**ASSIGNED TASK**
Your job with the data below: print everything from the line that holds "Pink Textured Kurta - AL-K-943" down to the line that holds "8/10,我在網(wǎng)", ends included, exactly, and nothing else.

___ DATA FOR ANALYSIS

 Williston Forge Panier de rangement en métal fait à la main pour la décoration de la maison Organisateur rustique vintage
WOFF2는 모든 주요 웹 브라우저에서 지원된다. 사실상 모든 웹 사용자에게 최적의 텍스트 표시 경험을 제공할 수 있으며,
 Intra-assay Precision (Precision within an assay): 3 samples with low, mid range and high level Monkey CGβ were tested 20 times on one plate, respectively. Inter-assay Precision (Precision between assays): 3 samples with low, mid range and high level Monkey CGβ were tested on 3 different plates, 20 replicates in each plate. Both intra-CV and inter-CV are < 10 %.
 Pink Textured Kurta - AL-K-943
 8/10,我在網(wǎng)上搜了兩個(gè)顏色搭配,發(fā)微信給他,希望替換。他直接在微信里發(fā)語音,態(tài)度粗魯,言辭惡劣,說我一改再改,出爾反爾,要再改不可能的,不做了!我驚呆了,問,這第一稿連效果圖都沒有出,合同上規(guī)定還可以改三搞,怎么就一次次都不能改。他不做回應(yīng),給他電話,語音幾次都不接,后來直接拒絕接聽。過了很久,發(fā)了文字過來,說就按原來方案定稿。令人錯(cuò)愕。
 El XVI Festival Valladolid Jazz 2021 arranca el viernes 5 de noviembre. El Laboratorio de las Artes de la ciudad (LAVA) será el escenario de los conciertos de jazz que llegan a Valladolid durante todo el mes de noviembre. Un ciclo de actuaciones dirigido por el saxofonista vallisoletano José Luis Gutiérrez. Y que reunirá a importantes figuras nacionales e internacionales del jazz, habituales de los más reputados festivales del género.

______
___ DATA FOR ANALYSIS

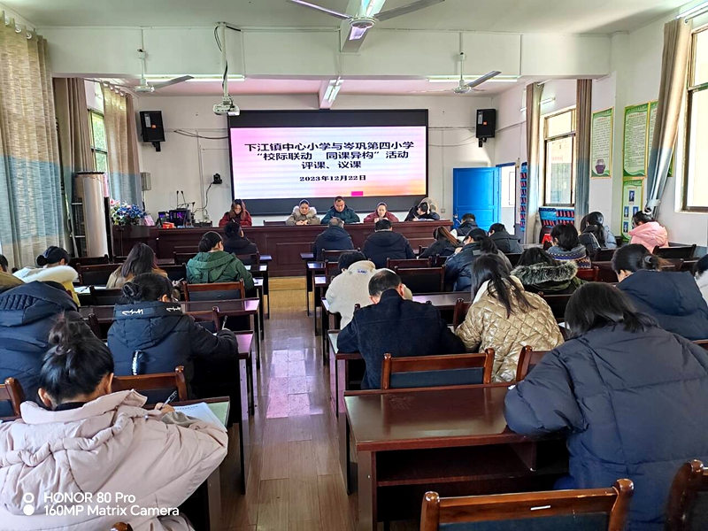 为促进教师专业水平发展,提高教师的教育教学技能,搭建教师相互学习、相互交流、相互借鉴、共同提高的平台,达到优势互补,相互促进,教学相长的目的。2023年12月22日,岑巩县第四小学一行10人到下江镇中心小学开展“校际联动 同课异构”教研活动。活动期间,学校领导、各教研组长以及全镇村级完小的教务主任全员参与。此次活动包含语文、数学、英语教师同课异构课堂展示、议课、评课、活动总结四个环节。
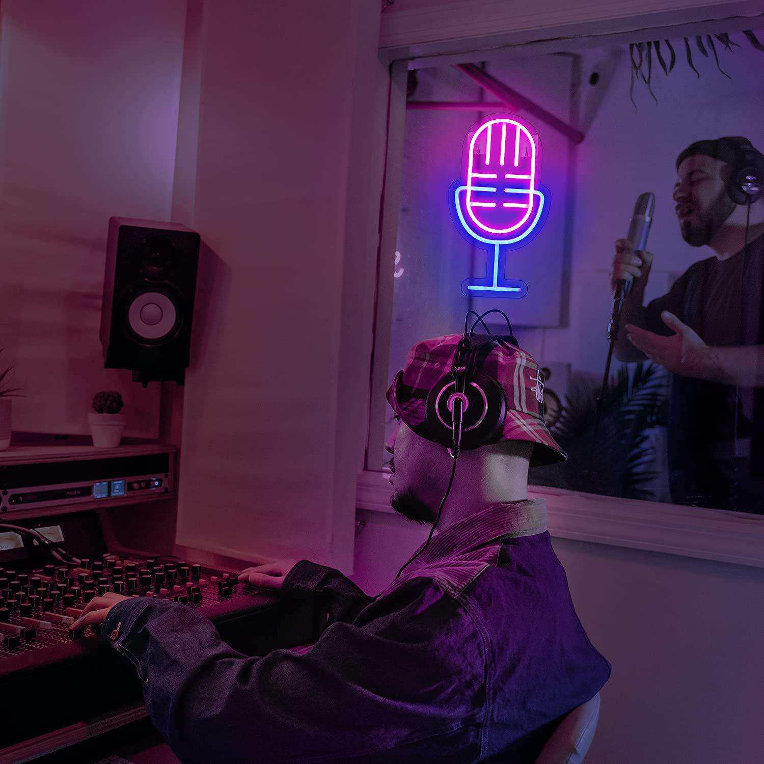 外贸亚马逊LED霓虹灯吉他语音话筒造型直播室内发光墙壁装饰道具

______

**THE COMPLETED TASK**
 Pink Textured Kurta - AL-K-943
 8/10,我在網(wǎng)上搜了兩個(gè)顏色搭配,發(fā)微信給他,希望替換。他直接在微信里發(fā)語音,態(tài)度粗魯,言辭惡劣,說我一改再改,出爾反爾,要再改不可能的,不做了!我驚呆了,問,這第一稿連效果圖都沒有出,合同上規(guī)定還可以改三搞,怎么就一次次都不能改。他不做回應(yīng),給他電話,語音幾次都不接,后來直接拒絕接聽。過了很久,發(fā)了文字過來,說就按原來方案定稿。令人錯(cuò)愕。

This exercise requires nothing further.